Neue Mächte - neue Krisen - neue Antworten?

Die Münchner Sicherheitskonferenz 2011

Unmittelbar nach Ende der 47. Münchner Sicherheitskonferenz wollen wir mit Teilnehmenden der Konferenz über neue sicherheitspolitische Diskurse, über veränderte Perspektiven und neue sicherheitspolitische Chancen und Allianzen diskutieren. Wie in den Vorjahren soll damit etwas mehr Transparenz gegenüber der kritischen Öffentlichkeit geschaffen werden.
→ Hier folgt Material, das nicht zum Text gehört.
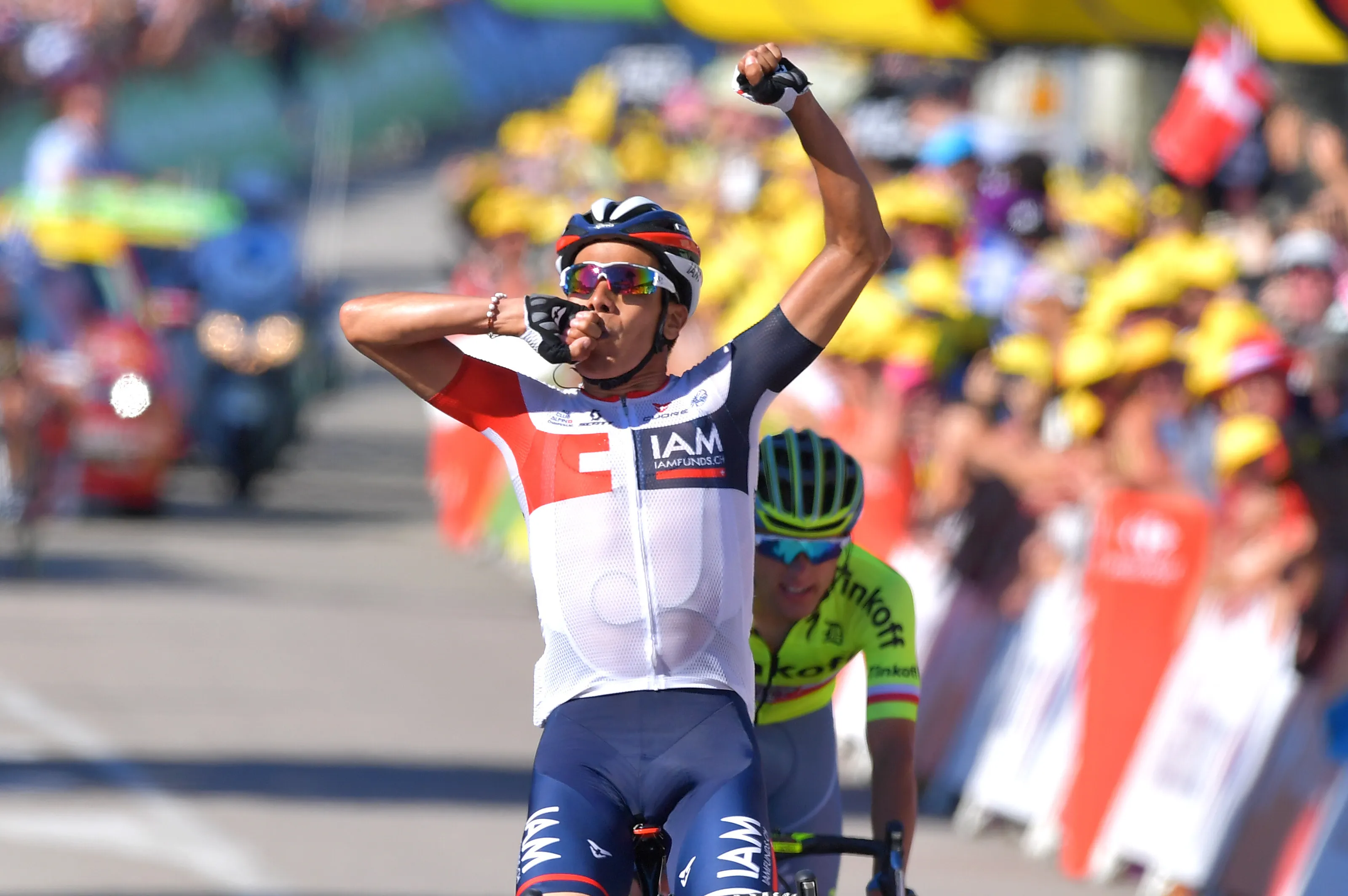 Jarlinson Pantano, c’était pour l’instant une image insolite : celle du Colombien de 27 ans franchissant la ligne d’arrivée un parapluie à la main, sous le déluge de fin d’étape à Andorre-Arcalis. Jarlinson Pantano, ce sera à présent des images ébouriffantes en descente avant un sprint victorieux qui vaut au coureur de IAM la première victoire de sa carrière sur un grand Tour.
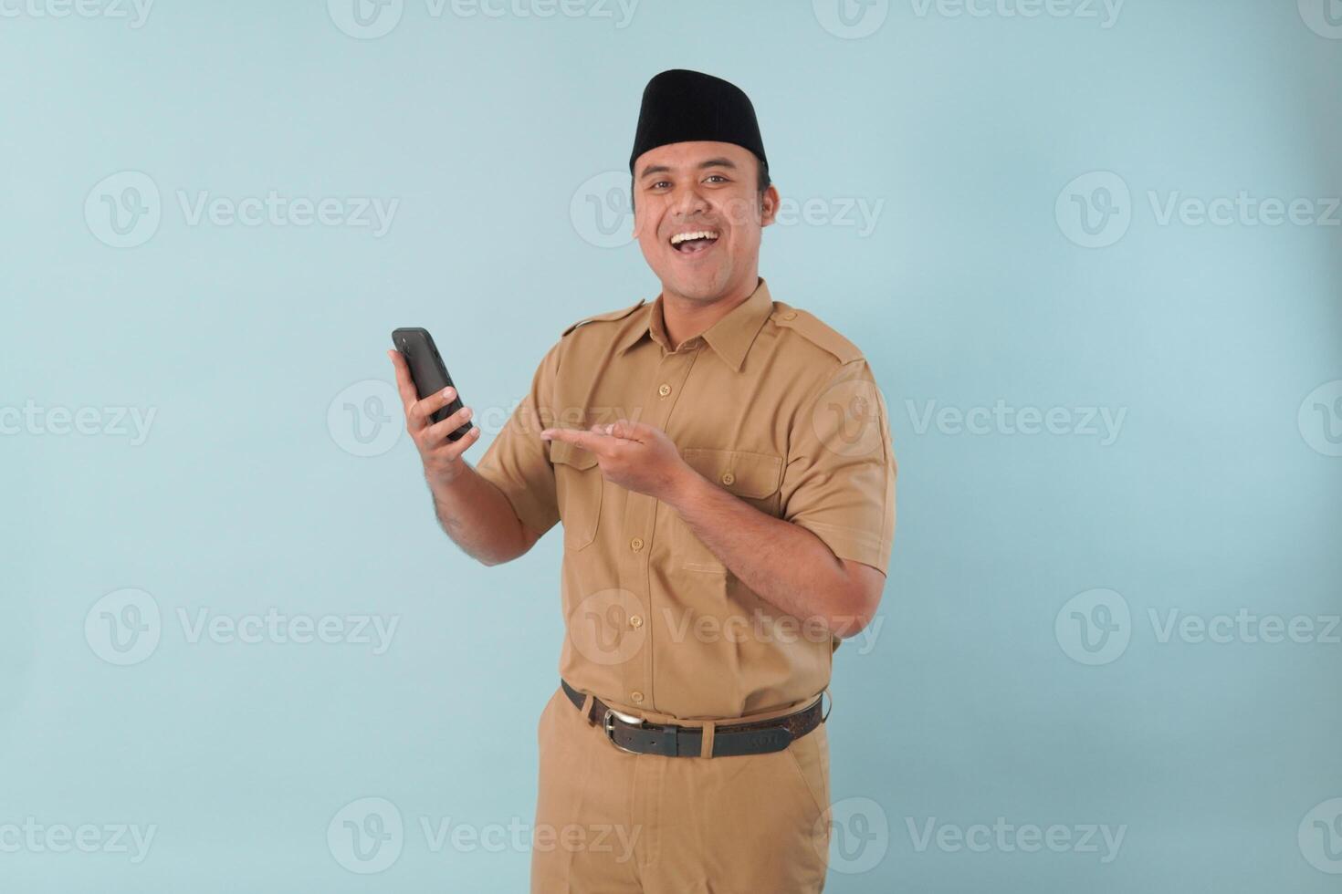 Smiling government worker with khaki uniform He is doing call while pointing to his smartphone PNS, ASN, civil servant concept, Pro Photo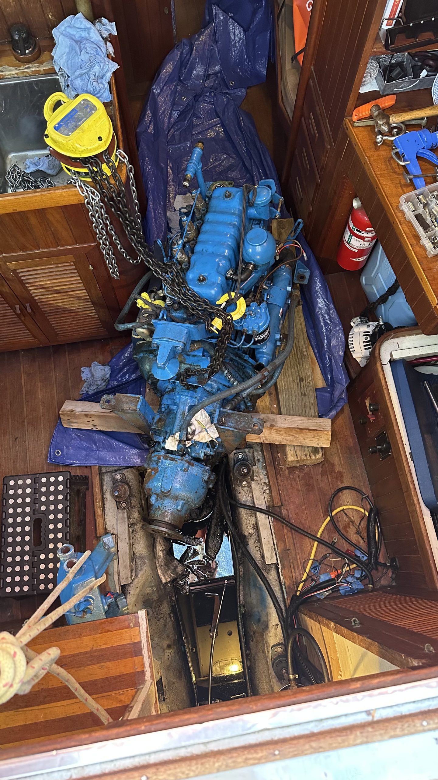 Nevertheless, after sourcing a hoist, and with some friendly boat-neighbor spectators (who also helped), we pulled the old donkey out from its living space under the companionway and plopped it right in the galley. Here is where it would reside while I dealt with cleaning and painting the bilge, a rear transmission seal, and numerous engine gaskets. This, all in an attempt to get a notoriously leaky brand of motor to stop puking itself into our bilge. I know it is futile, but maybe I can slow it down? Time will tell.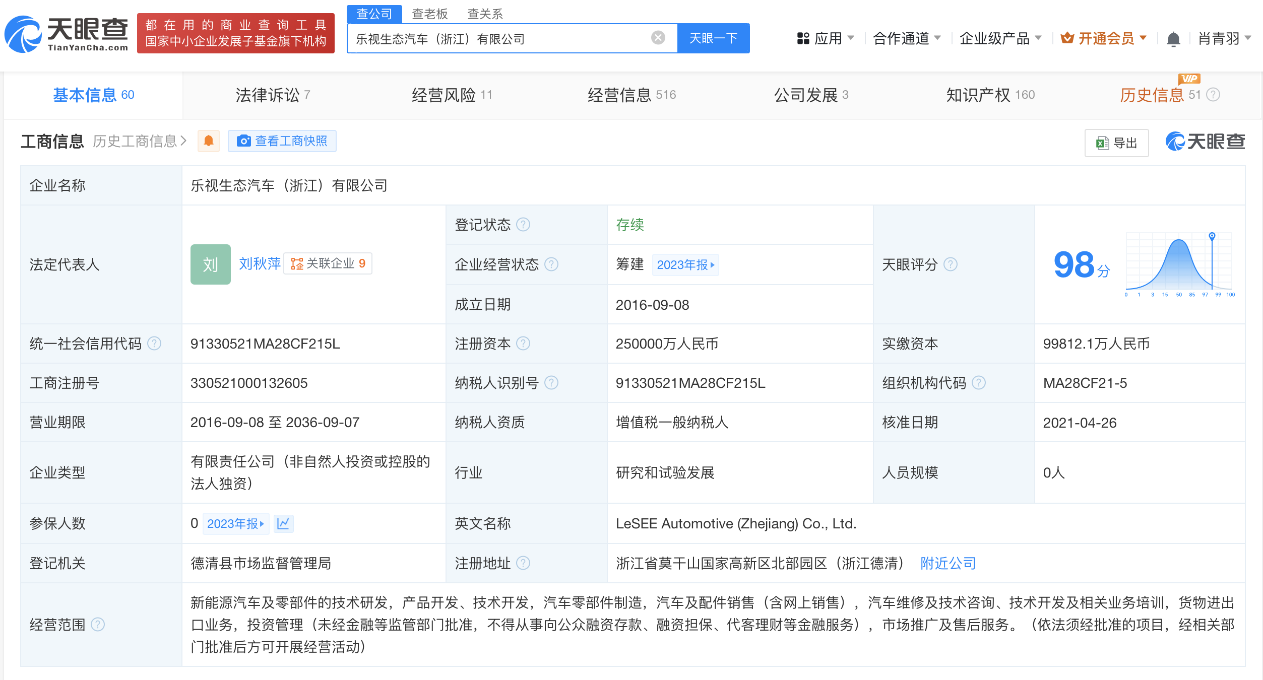 该公司成立于2016年9月,法定代表人为刘秋萍,注册资本25亿人民币,经营范围含新能源汽车及零部件的技术研发,产品开发、技术开发,汽车零部件制造,汽车维修及技术咨询等。股权全景穿透图显示,该公司由乐视汽车(北京)有限公司全资持股,后者由法法汽车(中国)有限公司、乐视致乐科技(北京)有限公司共同持股。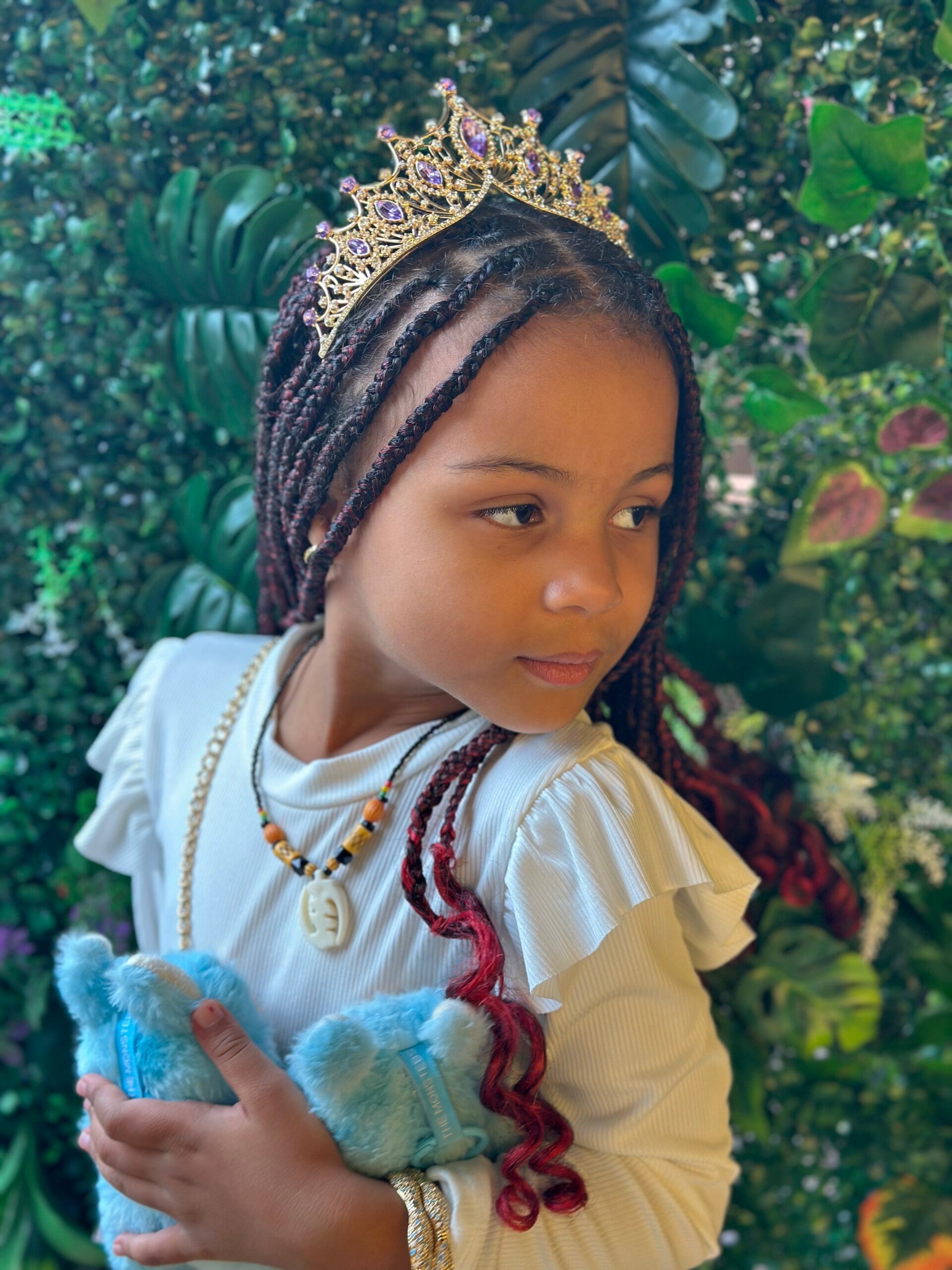 Strasssteine in lila, Diadem in golfarben (wie im Bild).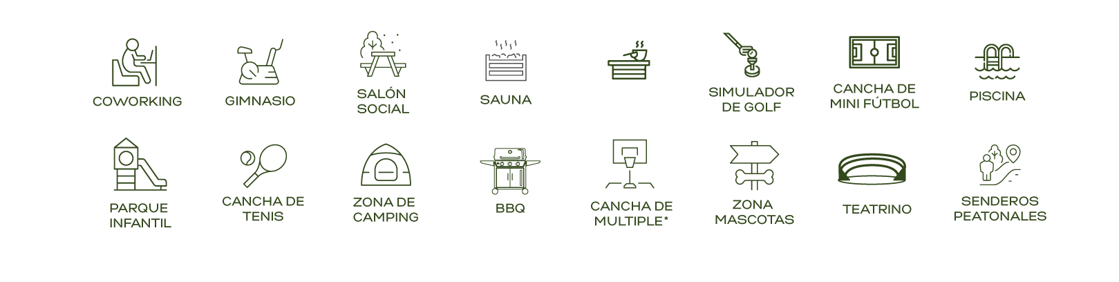 Vive la experiencia única de Bosque Nativo, un proyecto que integra naturaleza y comodidad en un mismo espacio. Disfruta de amplias zonas verdes y senderos peatonales ideales para caminatas y conexión con el entorno. Practica deportes en la cancha múltiple o mejora tu swing en la exclusiva jaula de golf. Relájate en la piscina, comparte con amigos en la zona BBQ o diviértete con los más pequeños en el salón de juegos. Tu mascota también tendrá su lugar especial en la zona pet-friendly. Todo diseñado para ofrecerte un estilo de vida activo, familiar y en armonía con la naturaleza.
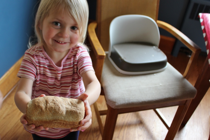 We’ve since made bread one more time and again, she made her own loaf. I think this will be what we do from now on. It’s a win-win for me – she’s happy because she’s making bread, “all by myself, Mama!!!” and I’m happy because while she’s slowly making her way through the bread process, I’m cruising along, forming bread way faster than when she’s “helping”. Now, of course, Mark wants to help too so here we go again – teaching another child to make bread!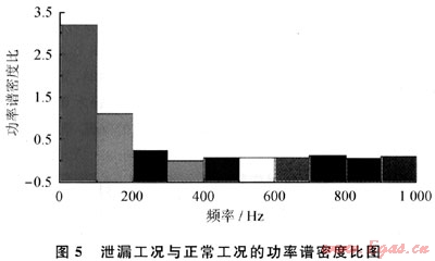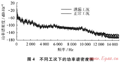 從圖4可以看出,泄漏工況的功率譜和正常工況的功率譜在很長的頻率段上是基本重合的,只是在起點附近兩者有所不同。隨著頻率的增大,不論是泄漏工況還是正常工況,其功率譜密度都逐漸減小,最終逐漸趨于穩定,即高頻部分基本為白噪聲部分。
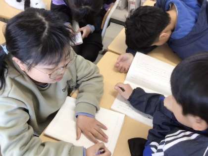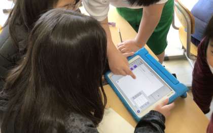4年生の国語です。グループで調べたいテーマや内容を考え、学習用タブレットのアプリを使ってアンケートを作成しています。情報収集力や情報編集力、情報伝達力を高める学びです。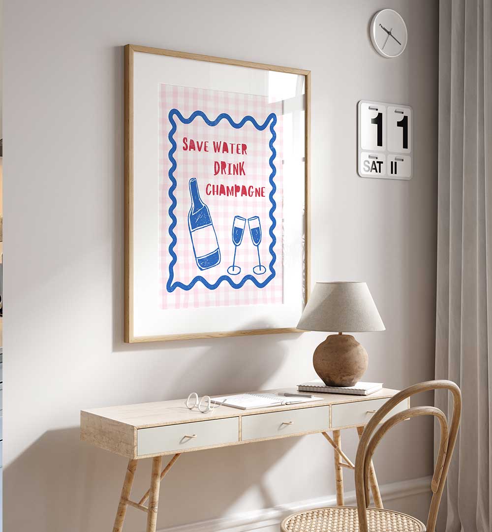 SAVE WATER DRINK CHAMPAGNE — a witty, stylish wall art piece crafted for bars, cafes, and lounges.

  • Was waren die herausragenden Themenblöcke und Ergebnisse der diesjährigen Sicherheitskonferenz?
  • Wie spiegelte sich der "Aufstieg der neuen Mächte" in der Einladungsliste?
  • Gibt es Chancen einer "post-nuklearen" transatlantischen Sicherheitsordnung?
  • Gab es Antworten zum neuen Sicherheitsbegriff, zur "Sicherheit im 21. Jahrhundert" und zu "Cyber-Kriegen"?
  • Was gibt es Neues zum Iran?
  • Wie diskutierte man die jüngsten Entwicklungen im arabischen Raum unter sicherheitspolitischen Aspekten?
  • Wie beurteilte man den Strategiewechsel in Afghanistan und die Zukunft von Land und Region zehn Jahre nach dem 11. September?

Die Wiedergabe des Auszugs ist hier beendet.